- [COLLECTED DATA]:
___

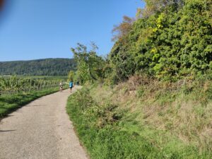 Noch ein paar Zacken weiter und wir sind am Ortsrand von Bockenheim – das Haus der deutschen Weinstraße ist deutlich näher gerückt, aber es liegt noch etwas mehr als ein Kilometer vor uns. Etwas angetrieben vom Blick auf die Uhr und dem Wissen, dass es jetzt gleich vorbei ist, mache ich doch noch ein klein wenig Tempo. Das hätte ich mir sparen können, vor lauter Tempo verpeile ich den geplanten Weg am Haus entlang – wird sind aber scheints nicht die ersten am heutigen Tag – man gibt uns gleich Zeichen dass wir falsch sind.
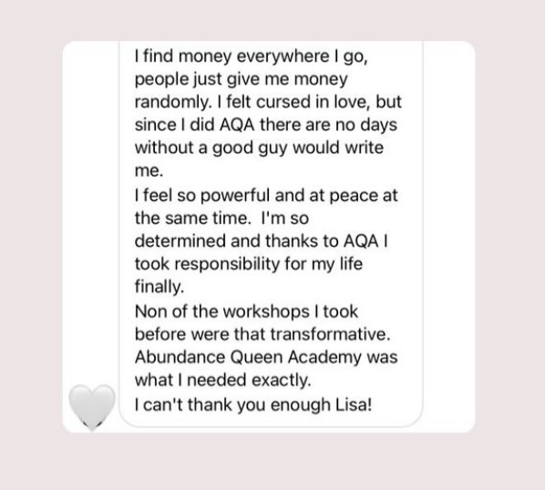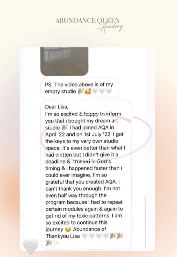 Integrity is one of my top values and I fully stand behind everything I teach inside Abundance Queen Academy.
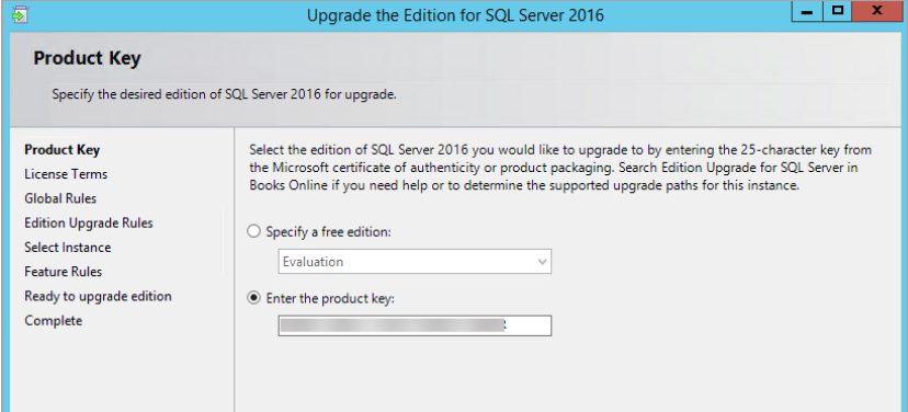 - You will be the Upgrade edition wizard for specifying the product key of the SQL standard edition available to you.
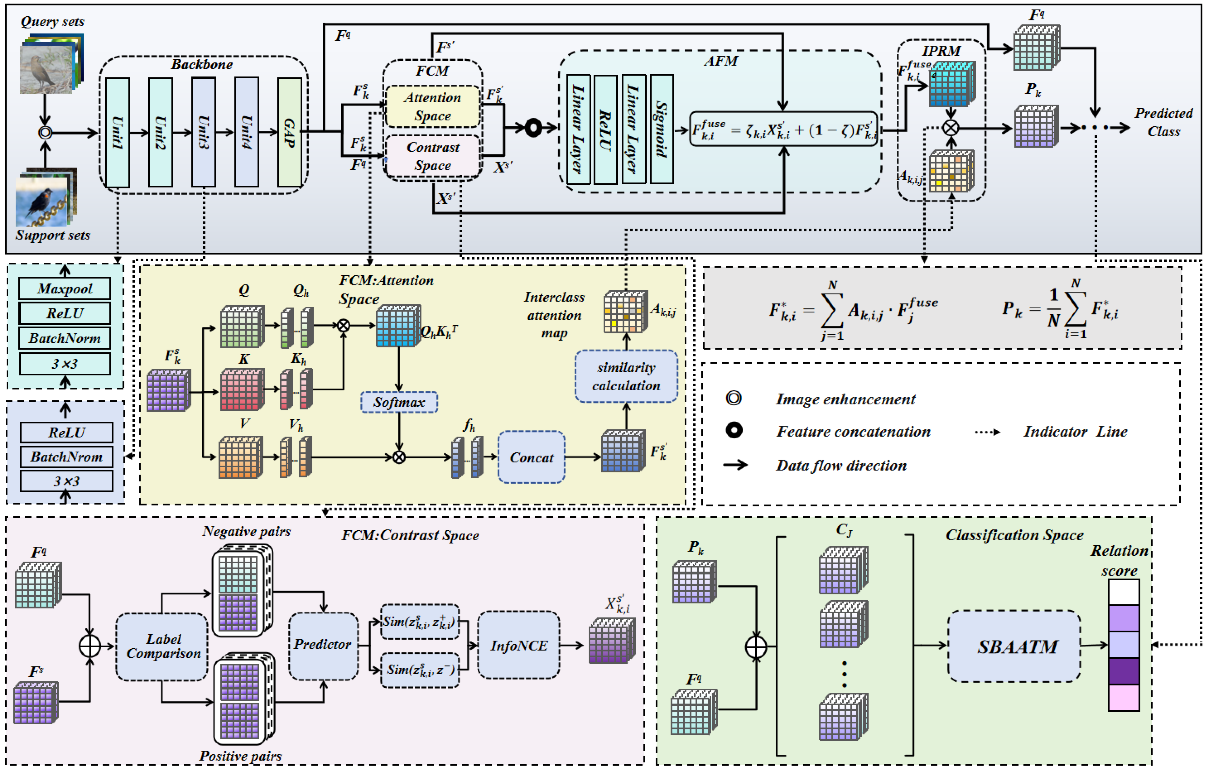 - We propose FC-SBAAT, a unified framework that jointly designs feature collaboration, prototype rectification, and attention-based matching and establishes an information-flow coupling from prototype rectification to relevance-bias construction and sparse selection. The rectified prototypes directly shape the matching bias and determine the sparse aggregation scope, enabling coupled optimization between prototype construction and relation matching and improving accuracy, robustness, and generalization under noisy Few-Shot prototypes and complex inter-class relations.

___

- [REQUIREMENT]: Without copying any picture, repeat the full listing above word for word.

- [TASK RESPONSE]:
 Noch ein paar Zacken weiter und wir sind am Ortsrand von Bockenheim – das Haus der deutschen Weinstraße ist deutlich näher gerückt, aber es liegt noch etwas mehr als ein Kilometer vor uns. Etwas angetrieben vom Blick auf die Uhr und dem Wissen, dass es jetzt gleich vorbei ist, mache ich doch noch ein klein wenig Tempo. Das hätte ich mir sparen können, vor lauter Tempo verpeile ich den geplanten Weg am Haus entlang – wird sind aber scheints nicht die ersten am heutigen Tag – man gibt uns gleich Zeichen dass wir falsch sind.
 Integrity is one of my top values and I fully stand behind everything I teach inside Abundance Queen Academy.
 - You will be the Upgrade edition wizard for specifying the product key of the SQL standard edition available to you.
 - We propose FC-SBAAT, a unified framework that jointly designs feature collaboration, prototype rectification, and attention-based matching and establishes an information-flow coupling from prototype rectification to relevance-bias construction and sparse selection. The rectified prototypes directly shape the matching bias and determine the sparse aggregation scope, enabling coupled optimization between prototype construction and relation matching and improving accuracy, robustness, and generalization under noisy Few-Shot prototypes and complex inter-class relations.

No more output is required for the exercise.